Material provided »
>>>
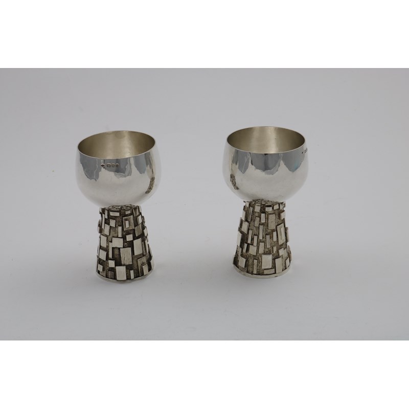 A pair of late 20th century handmade goblets, the conical stems with applied and textured decoration, hallmarked London 1975; 5.45" (13.8 cms) high; 20.9 oz (2)
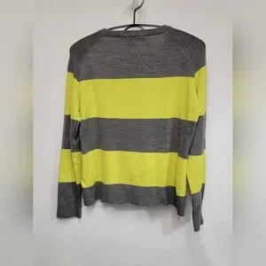 French Connection Womens Size Large Long Sleeve Crewneck Colorblock Sweater. Lime green and gray colorblock stripes, 88% acrylic 11% polyester 1% elastane, rib knot cuffs hem, and neckline.
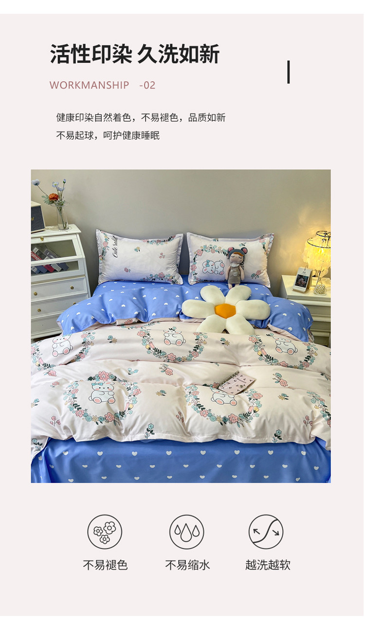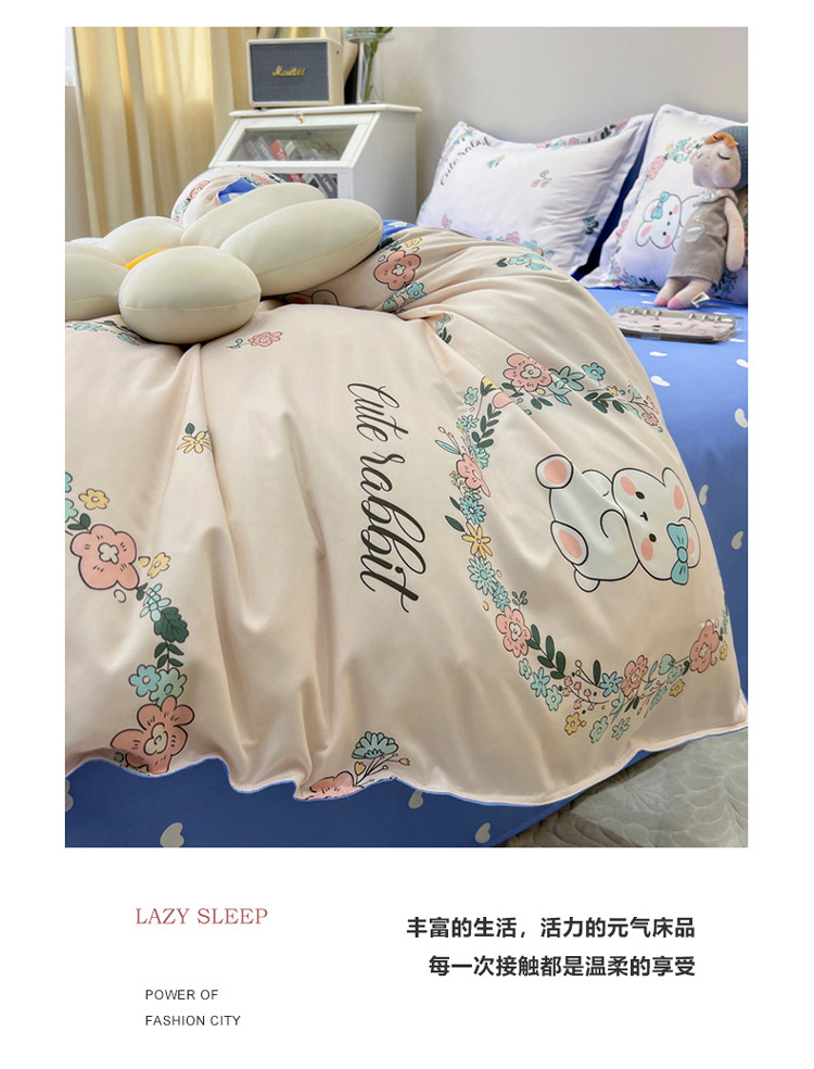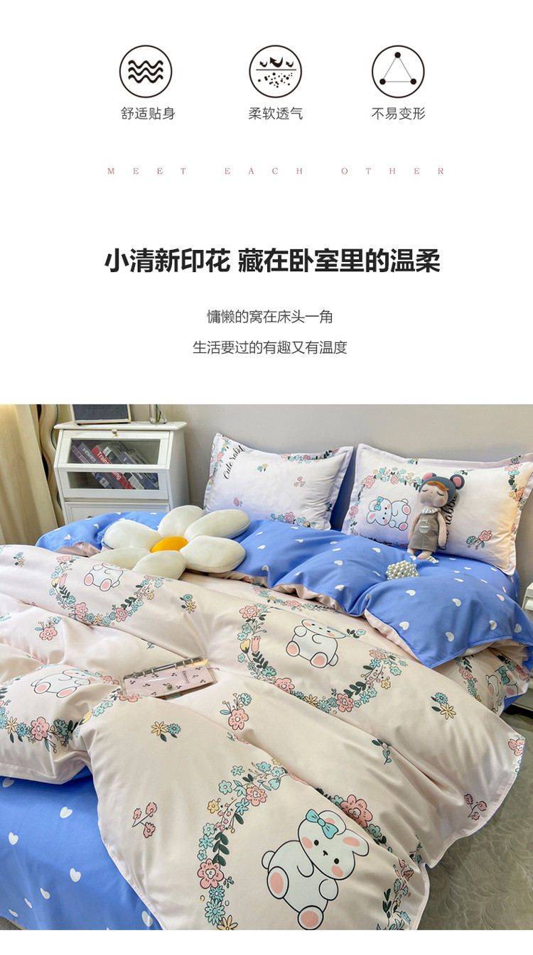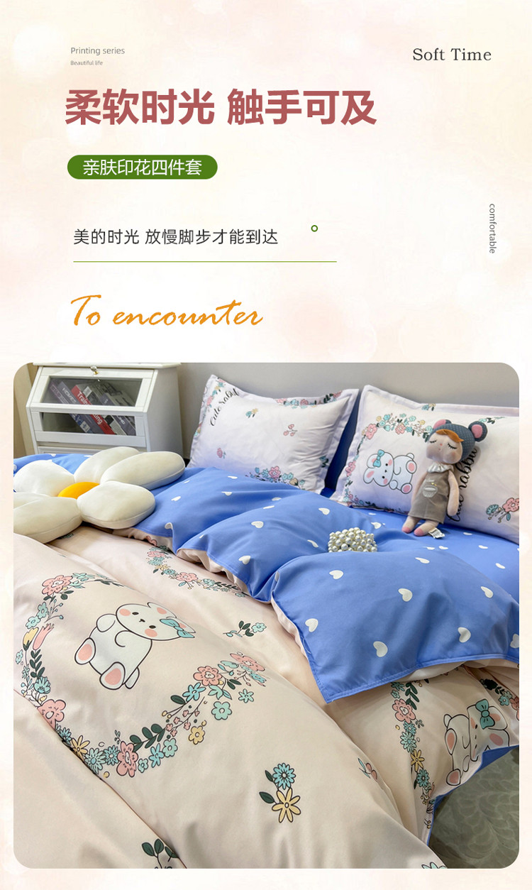 宏源 2022新款芦荟棉亲肤印花四件套10月新花型 花环小兔
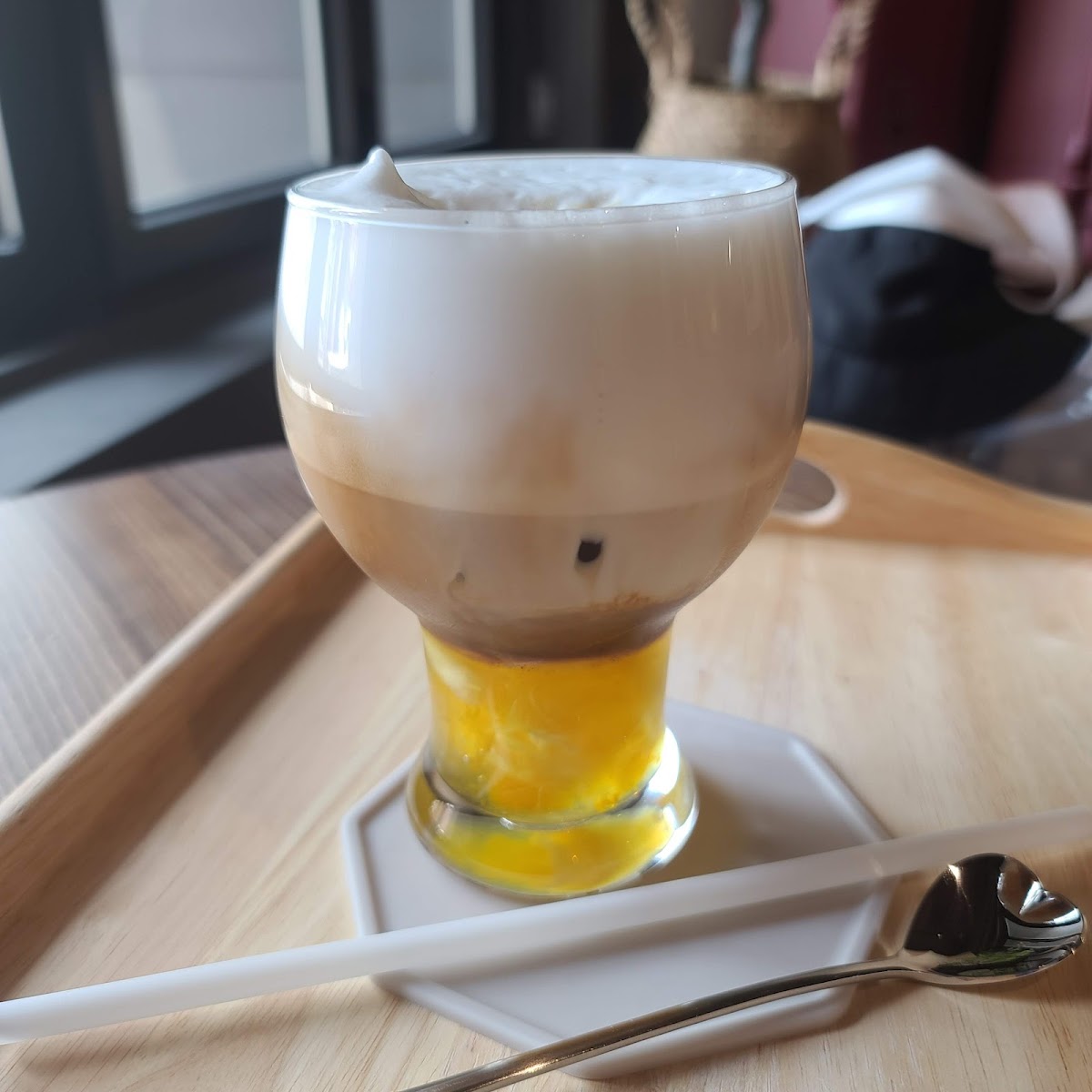 As soon as you step inside, you're greeted by a unique interior that fuses traditional elements with a contemporary touch, creating an inviting atmosphere perfect for a casual catch-up or a quiet moment alone. The small outdoor seating area, akin to a charming courtyard, adds to the cafe's allure, allowing you to soak in the neighborhood's vibrant energy while enjoying your treats.
<<<
Assignment » Skip the pictures; extract only the lines from the line with "French Connection Womens" through the final line of the material, exactly as they appear.

Expected answer »
 French Connection Womens Size Large Long Sleeve Crewneck Colorblock Sweater. Lime green and gray colorblock stripes, 88% acrylic 11% polyester 1% elastane, rib knot cuffs hem, and neckline.
 宏源 2022新款芦荟棉亲肤印花四件套10月新花型 花环小兔
 As soon as you step inside, you're greeted by a unique interior that fuses traditional elements with a contemporary touch, creating an inviting atmosphere perfect for a casual catch-up or a quiet moment alone. The small outdoor seating area, akin to a charming courtyard, adds to the cafe's allure, allowing you to soak in the neighborhood's vibrant energy while enjoying your treats.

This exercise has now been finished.